After close to three years of laptop free, iPad-driven couch experience at home, I was recently put into the position to look for a new machine that can be used by my wife both at home and in her practice. And since my wife is used to Windows, and wants something she can run some dental software, and wants a keyboard, and doesn't want to spend too much money...

Well, after all was said and done, and after seing all the raves from some of my friends that still work at Microsoft about how awesome is the Windows RT they got for Christmas, I decided that maybe this is the answer. So I started reading about it on the internet. But of course, we all know one should not dig too deep in the internet, as one might find some quite disturbing things...

Like for example, this article on ArsTechnica. And here's how I read it:

1. "Windows RT can't join a domain, be a Remote Desktop host..."

Well, I am probably edge case user here. So, this is more of a personal rant. And frankly, Android or iOS can't do these either.

2. "...it lacks Windows Media Player and Windows Media Center."

If there's another app that can play media instead of Media Player, that's fine. And honestly, the lack of Media Center probably shouldn't be bugging me much, seeing how I gave up on it years ago. Nevertheless, I somehow find both these omissions insulting. :-/

3. "The only third-party applications allowed on Surface will be Metro-style applications bought from the Windows Store.", "...developers can't even port their applications to run on ARM..."

I can see some reasoning behind this decision. After all, Microsoft is trying to force developers to do touch-specific versions of their apps, so that customers get the best experience.

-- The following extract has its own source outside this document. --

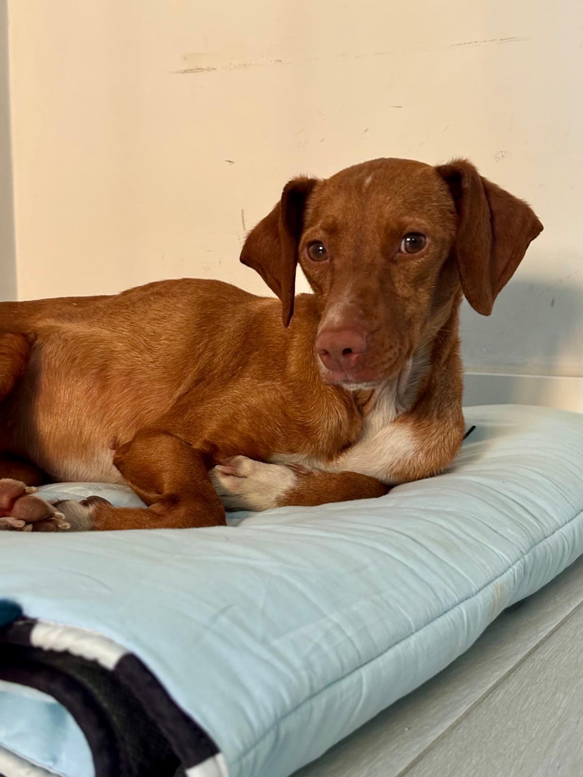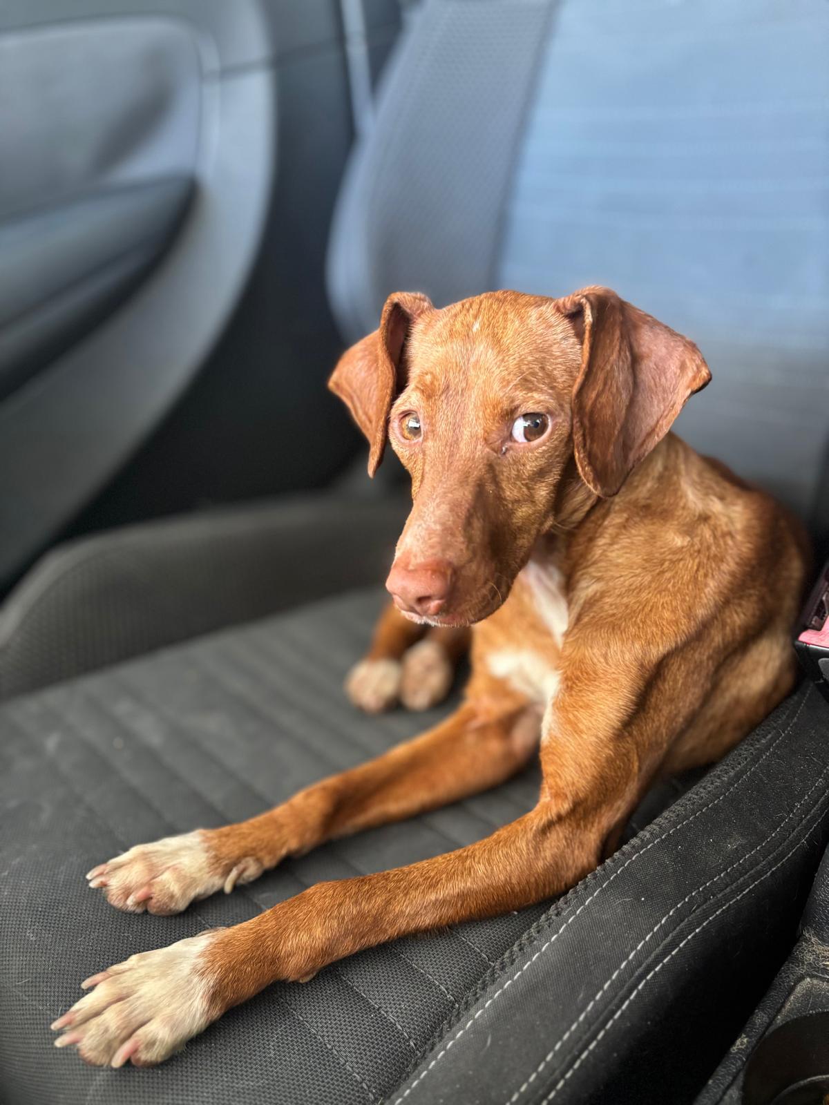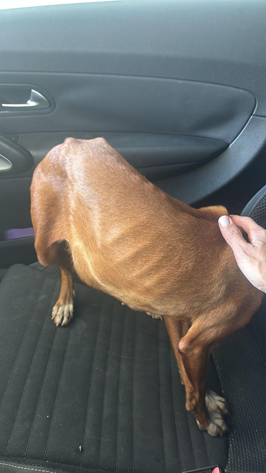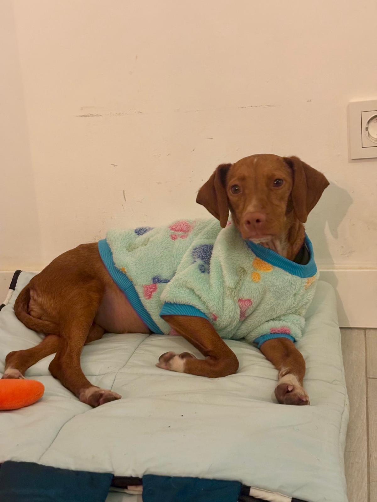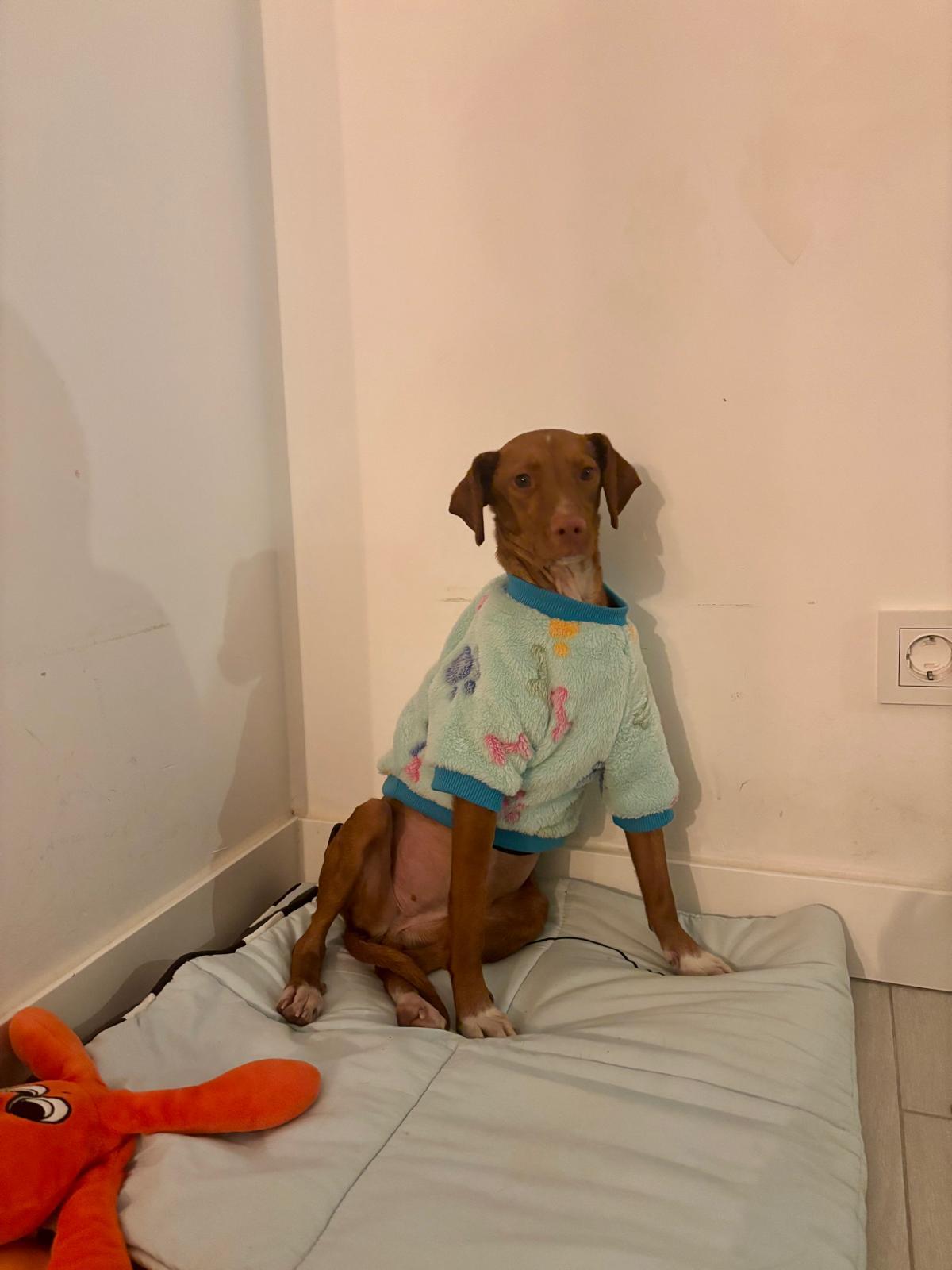 La pequeña Tina pesa unos 5 kilos y es una mestiza de podenco. Tenía la barriga muy hinchada, lo que la hacía parecer embarazada, pero probablemente se deba a la mala alimentación que ha consumido.

Or at least, that's how the theory goes. In practice, if I was a third-party developer with existing desktop app which i am forced to rewrite from scratch for Windows RT, I'll bite the bullet and just rewrite it for iOS and Android. Because here's the chinch - if I can't upgrade my existing users without making them pay again, these are not existing customers. They are for all intents and purposes new customers. So, I might as well chase new customers on platforms with better adoption.

But it's even worse than just the practicality. There's a class of apps on Windows desktop, that _can't_ be rewritten for Metro. And seeing how Office is currently one such application, and it comes for free with Windows RT, and it runs in desktop environment, and it works best with keyboard and mouse hooked up - well, if I am hooking keyboard and mouse for one application, might as well let me use that setup for other applications as well, like Paint.net for example.

Of course, if I was buying a couch device, something to just surf the internet and write the occasional email, that wouldn't be a big issue for me. But then again, I can do these just fine on iPad, or Nexus 7. The whole appeal of Windows RT is that it is supposed to be Windows. I personally am considering Surface to use it not only on the couch, but also in my wife's practice. Because that's what you do with Windows machine - it's a versatile workhorse of a productivity tool. That's the main advantage it's supposed to have to the other platforms. If not for that, what makes it beter that the competition?

Alas, this brings me to the last point...

4. "The Office apps that ship with Windows RT are not licensed for use in any commercial fashion, whether for profit or otherwise."

Wait, what? If I can't use Office on RT for business, why would I need it? I very seldom write personal documents in Word, or make personal spreadsheets in Excel. And for the rare occasions I do, I need few simple features that are present in both iOS office suite, and in Google Docs. And I can use both of these for business purposes. So Windows RT is in fact worse in that regard than the competition!

Seems the only viable option is to spend twice as much to get Surface Pro, in order to get something my wife could use in her business.

But at that price point, I might as well start looking at laptops and trade off the Microsoft brand for more power. Or I might even look at MacBook - yeah, it'll be slightly more expensive, but at least I know the hardware quality is proven, and I can always run Windows 8 on it for the few Windows-only things I might need.